Winter Driving Ahead—All Over

Winter weather may be harsh on truck drivers

The Gaithersburg, MD-based weather forecasting firm WeatherBug believes cold temperatures and heavy snow is going to affect much of the U.S. from December through February next year, with the only exception being the Northwest. That means winter driving will be difficult for truckers across most of the country.

Weatherbug’s chief meteorologist Mark Hoekzema predicts the Northeast will experience periodic cold blasts in January and February, with heavy snows in the latter half of winter. The Mid-Atlantic will be on the northern edge of an active storm track across the southern states, meaning many close calls for snow and ice and an increased possibility for above normal snow in the central Appalachians.

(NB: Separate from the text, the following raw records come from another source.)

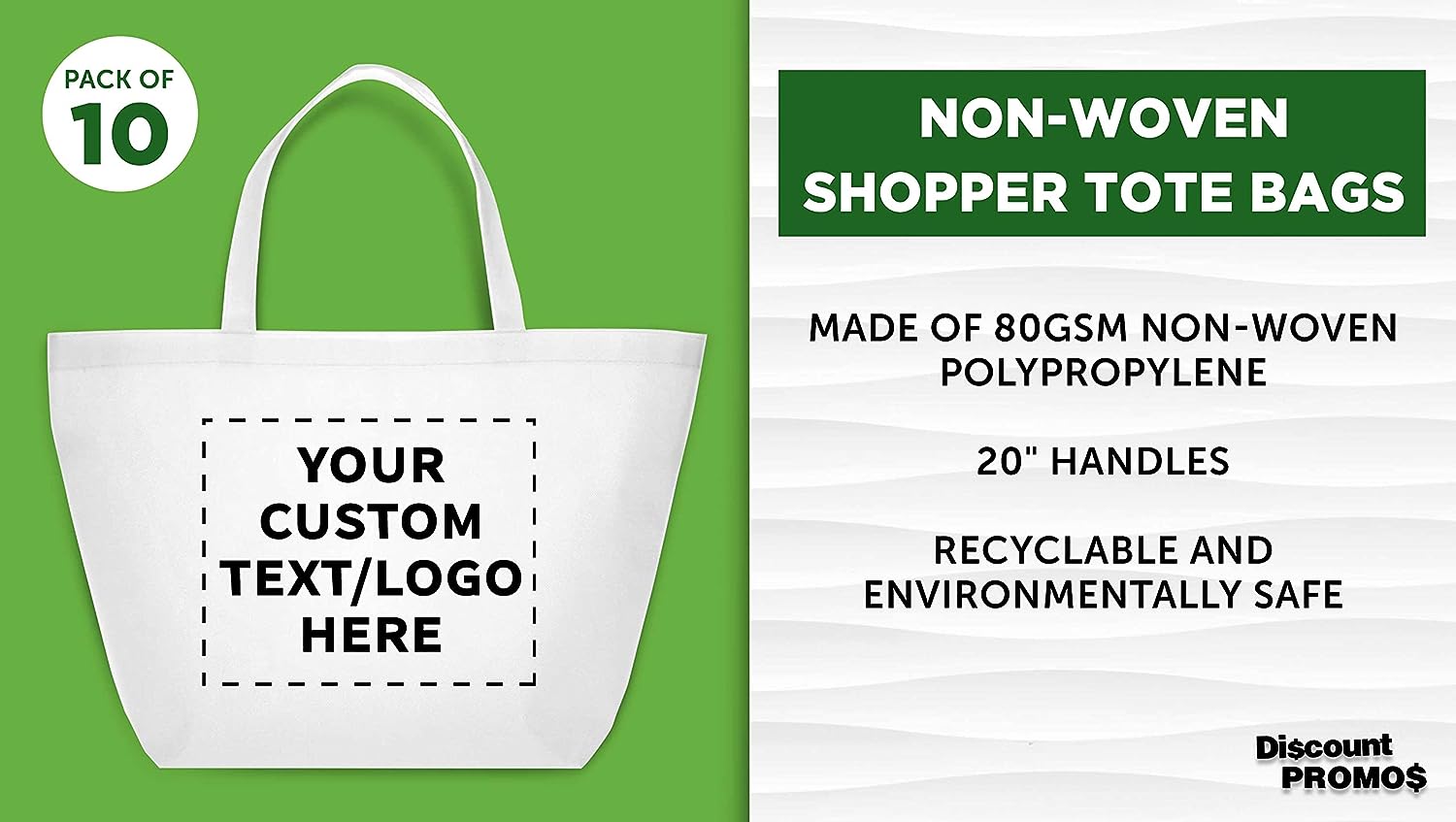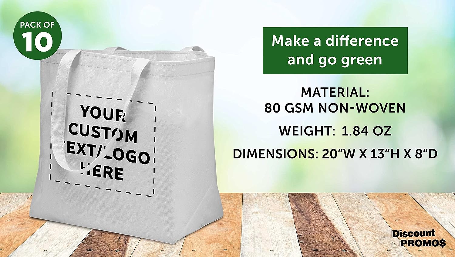 / Custom Southern Style Grocery Tote Bags Set of 10, Personalized Bulk Pack – Reusable, Great for Grocery, Shopping, Travel, Carry on Bag – White
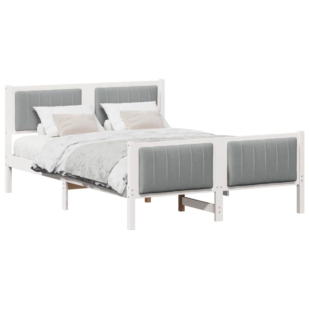 vidaXL Lovos rėmas Balta ir šviesiai pilka 140 x 190 cm Pušies masyvas
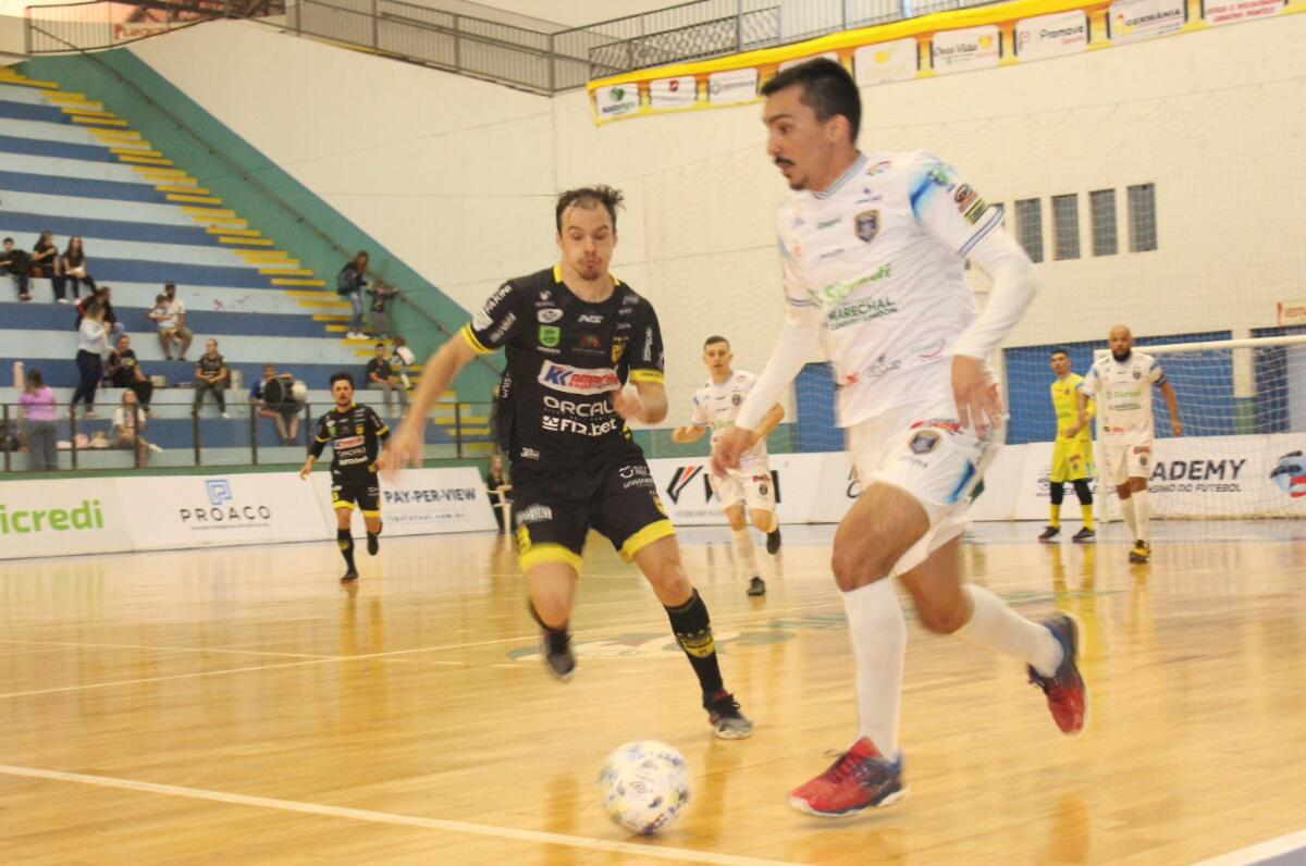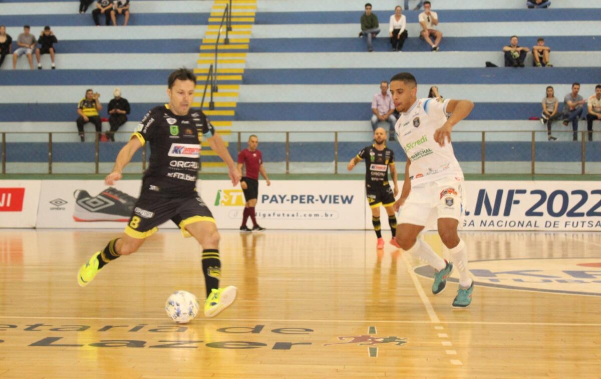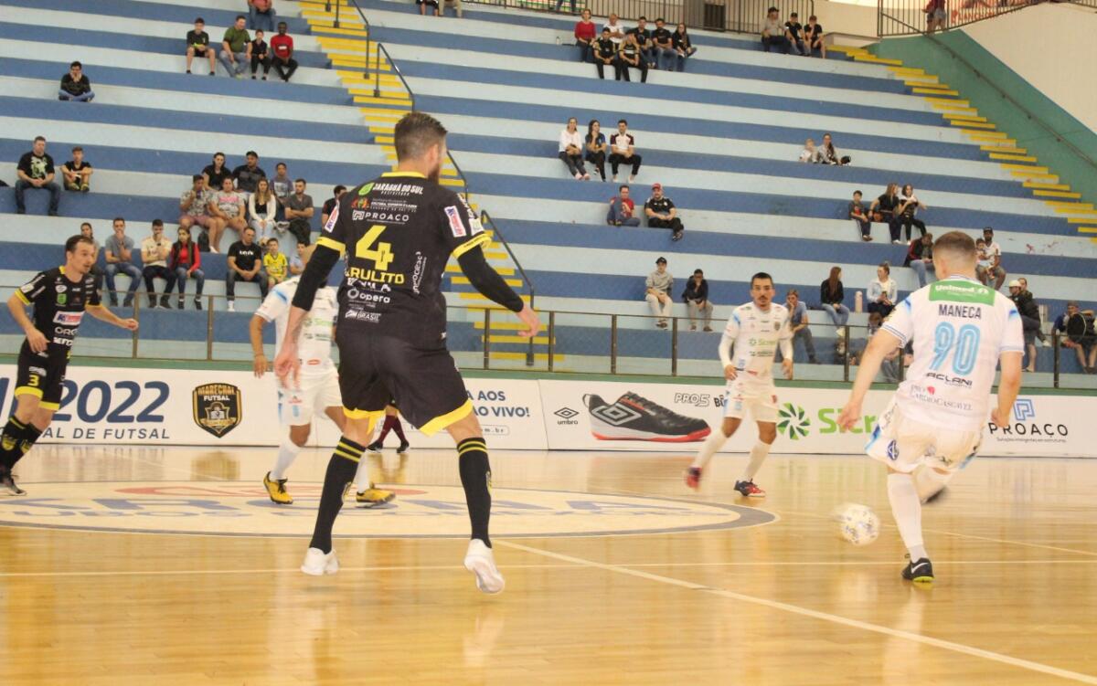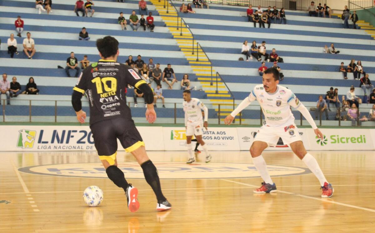Uma vitória suada, sofrida, dramática, feroz. Com a iminente eliminação batendo à porta em caso de resultado negativo, o Marechal se entregou de todas as maneiras dentro de quadra e, com grande atuação do goleiro Obina e gol salvador de Alisson Feroz, venceu o Jaraguá por 1 a 0, neste domingo (31), no Ginásio Ney Braga, e manteve viva a esperança de classificação Liga Nacional de Futsal (LNF).
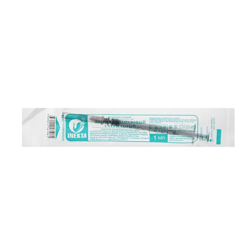 Шприц туберкулиновый Inekta 1 мл 26G (0.45x13 мм, 100 штук в упаковке). Предназначен для лекарственных инъекций. Игла надета на шприц, имеет трехгранную лазерную заточку, размер 2G (0.45. x 13 мм). Стерилизация гамма-лучами. Индивидуальная упаковка шприца - полибэг, устойчива к повышенной влажности окружающей среды, легко вскрывается. Упаковка имеет цветовую маркировку согласно ISO, что облегчает медперсоналу быстрый выбор нужного объёма шприца и иглы. Срок годности 5 лет.
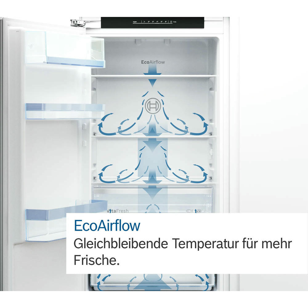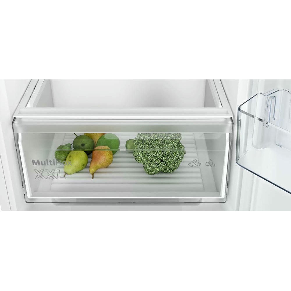 Система охлаждения No Frost предотвращает образование инея и обеспечивает равномерное распределение холода по всему объему холодильной камеры. Автоматическая система размораживания облегчает уход за устройством, а функция суперохлаждения позволяет быстро охладить продукты после покупки. Внутреннее пространство холодильника продумано до мелочей. Четыре полки из высокопрочного стекла, три из которых можно регулировать по высоте, позволяют оптимально распределить продукты. Выдвижной контейнер MultiBox идеален для хранения овощей и фруктов, а три полки на дверце обеспечивают дополнительное пространство для хранения. Светодиодное освещение обеспечивает яркий и равномерный свет, позволяя легко найти необходимые продукты.
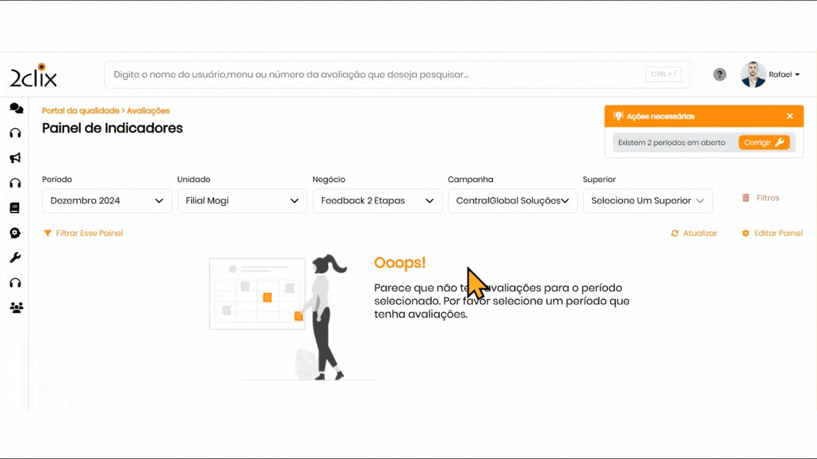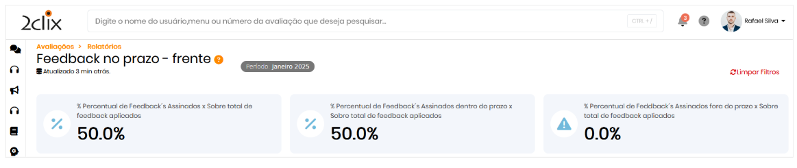 - No menu lateral esquerdo, acesse: Avaliações> Feedback > Feedback no Prazo (Frente) .
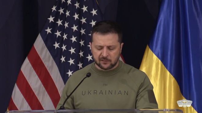 当地时间11日,泽连斯基在美国国防大学发表演讲 美国国防部视频截图
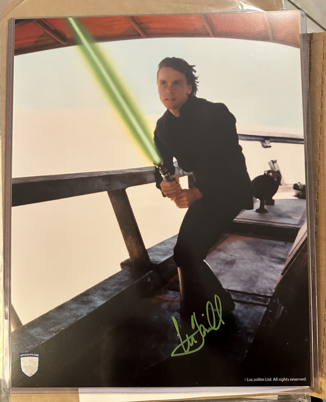 You can get some great autos - I usually choose to use one of the 8x10s that Official Pix provides, and I love that you can pick the ink color. I don't add character names or personalization, so I recently got three great 8x10s - Gina Carano as Cara Dune picture from the Mando in purple paint pen, Ewan MacGregor picture from Obi-Wan Series in blue paint pen, and Hayden C. picture from AOTS where he hasn't quite turned yet but is getting close in red paint pen. In total with return shipping, it was around $600 for all three. Only thing is, while some top names (let's excuse Hamill from the conversation, as we discussed above his price is $500 or so) like MacGregor and Christensen were about $150 per auto, there are some fringe characters that they charge $100 for as well. There was an 8x10 from Ahsoka with Ahsoka, Ezra and Sabine all with lightsabers drawn getting ready to fight. They wanted $150ish for Dawson which makes sense, but the actors who played Ezra and Sabine they wanted about $100 apiece for their autos, which I couldn't justify. Would have been neat though to have that 8x10 signed in paint pen by their lightsaber color, respectively (white, blue & green) - but the piece wasn't worth close to $600 for me, so I just purchased a Dawson in orange paint pen to match her skin tone. Anyway, enough rambling, point being, with some of the actors, the price point between the "stars" and non-"stars" is usually not that different, which leads me to passing on autographs I think would look neat on my walls (though I'm running out of room in the man cave as it is)!
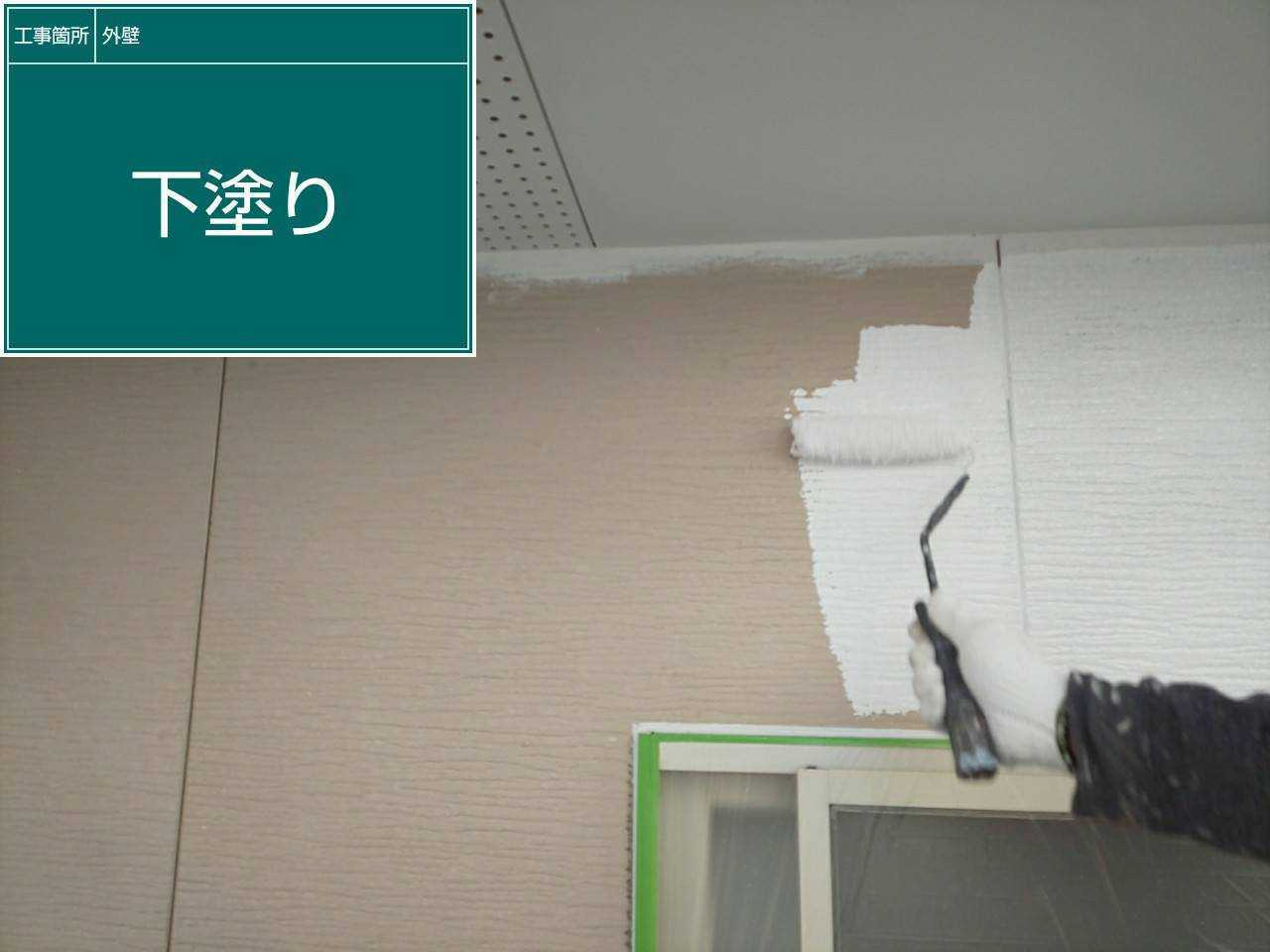 まずは下塗り塗装です。下塗りは外壁下地と中塗り・上塗り塗料の密着性を高める役割があります。
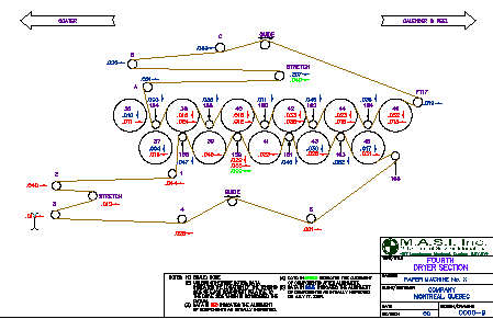 Although the dryer section appears to be straight forward, several alignment related problems can be found in this area. Amongst them you have: poor web and felt tracking, premature wear in felts, wear on gears and pinion, etc.. MASI as seen it all, let us help you in troubleshooting this area.
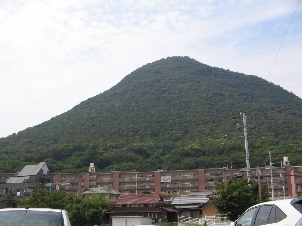 形状は代表的なビュート型のおにぎり型の山で、香川には結構多いタイプです。他に連なる山もなく単独の山のうえに田園地帯の真ん中と言うこともあり500mもない高さの割には東西南北、海側からも山側からもどの位置からも目にすることができまさにシンボリックな山だといえます。私たち県民はこの山がどの位置に見えるかで自分の位置を確認することもできるほどです。
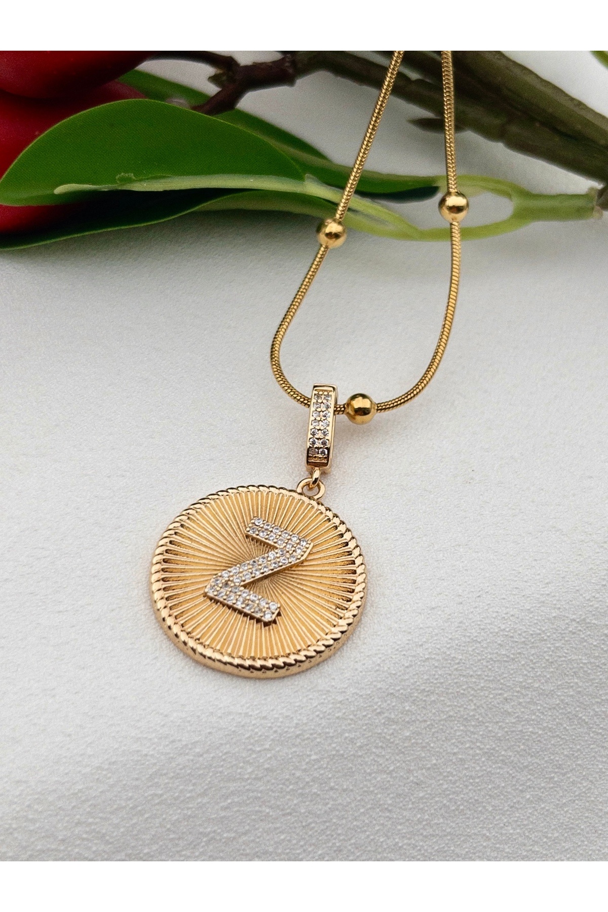 مشخصات فنی Özel Seri Kararmaz Çelik Zirkon Taşlı Dorika Zincirli Harfli Kolye - Madalyon Kolye
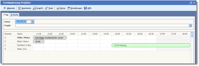 Unter dem Punkt "Projektplanung", den man in der Terminverwaltung über den Menüeintrag "Allgemein > Projektplanung" aufrufen kann, können Sie sich die einem auszuwählenden Projekt zugeordneten Mitarbeiter und deren Termine pro Tag bzw. Woche anzeigen lassen.

An active storm track across the Southeast should make clouds and rain more common and will also increase the possibility for more ice or wet snow events, Hoekzema said. The northern and central Plains will be in a relatively dry storm pattern this winter with bigger storms passing to the south. The Southern Plains are predicted to be cool and wet, with increased snow amounts possible from Arkansas to the Panhandle of Texas and possibly some icy events from north central Texas to southern Arkansas.

A strengthening El Nino pattern may lead to increased rainfall and plenty of snow in the Southwest, with heavy snow for the high ground in southern Utah, Arizona, New Mexico and southern Colorado.

A generally mild flow off the Pacific for much of the winter should reduce snowfalls for much of the Northwest. But that could spell trouble next spring and summer for this drought-sensitive region.